ドリフト走行の開拓者とされる元レーシングドライバーの土屋圭市氏は4月11日に北京金港サーキットで、一汽トヨタが輸入販売を開始したばかりの「トヨタ86」を運転し、消費者に向け絶妙なドリフトを披露した。中国青年報が伝えた。
86はトヨタのスポーツカー市場回帰を示す最新製品だ。トヨタはかつて、スポーツカー市場で輝かしい成績を記録したことがある。1965年には「トヨタ製スポーツカーの元祖」と呼ばれる「スポーツ800」が、1967年には高性能スポーツカー「2000GT」が発売され、その後さらに一連の高性能スポーツカーと、セダンをベースとした準スポーツカーが発売された。ところが新世紀になると、世界自動車消費にモデルチェンジが生じた。環境保護基準が日増しに引き上げられ、欧米経済の発展が減速し、若者の興味がスポーツカーからミニバンやSUVなどに移り、スポーツカー市場全体が縮小した。トヨタは2007年にスポーツカーの生産を停止した。

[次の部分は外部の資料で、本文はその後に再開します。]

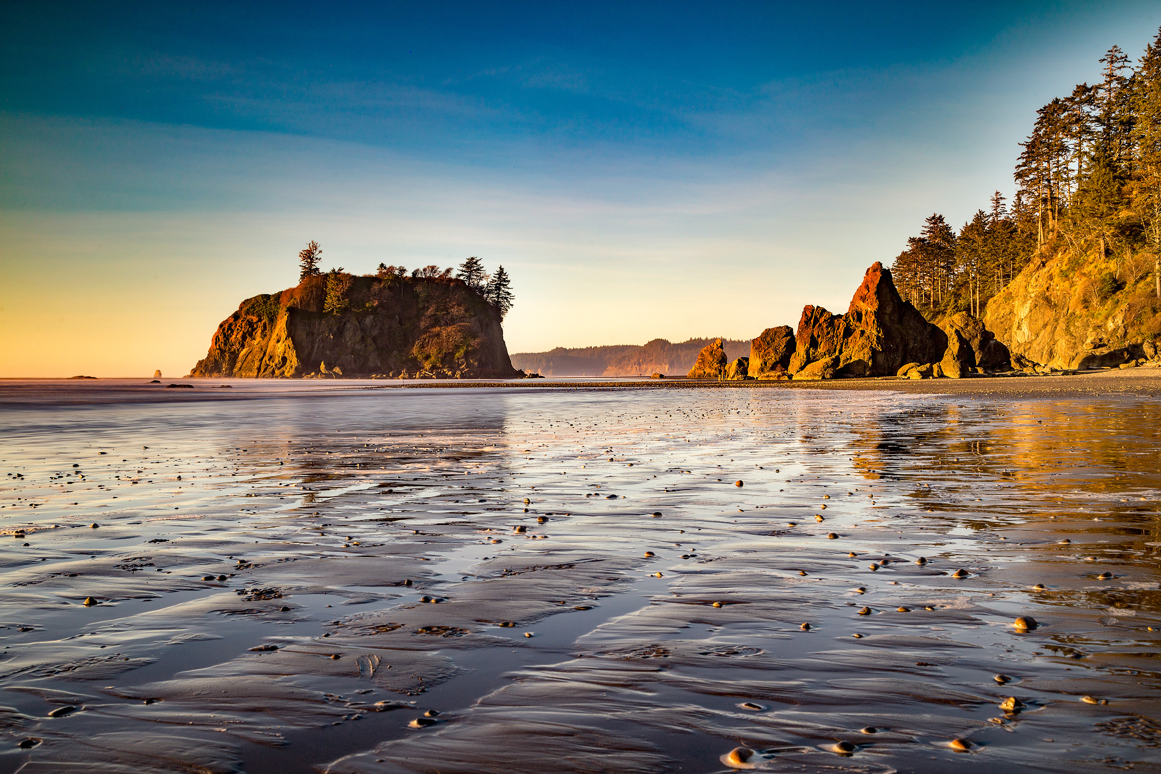 The low tide creates a spectacular reflection of the rock formations on the Olympic Coast.

しかしトヨタはスポーツカーを諦めていたわけではない。豊田章男社長はスポーツカーを生産し、トヨタのスポーティーな躍動感を取り戻そうとした。豊田章男社長の指示を受け、トヨタはスポーツカー戦略をリスタートした。86は同戦略の1機種目の製品だ。トヨタは将来的に86を軸とし、一連の高級機種・入門機種を開発する。トヨタの役員は、「トヨタはこれまで保守的で単調な自動車メーカーとされていたが、現在は86や多くのスポーツカーにより、トヨタのイメージに変化が生じている」と語った。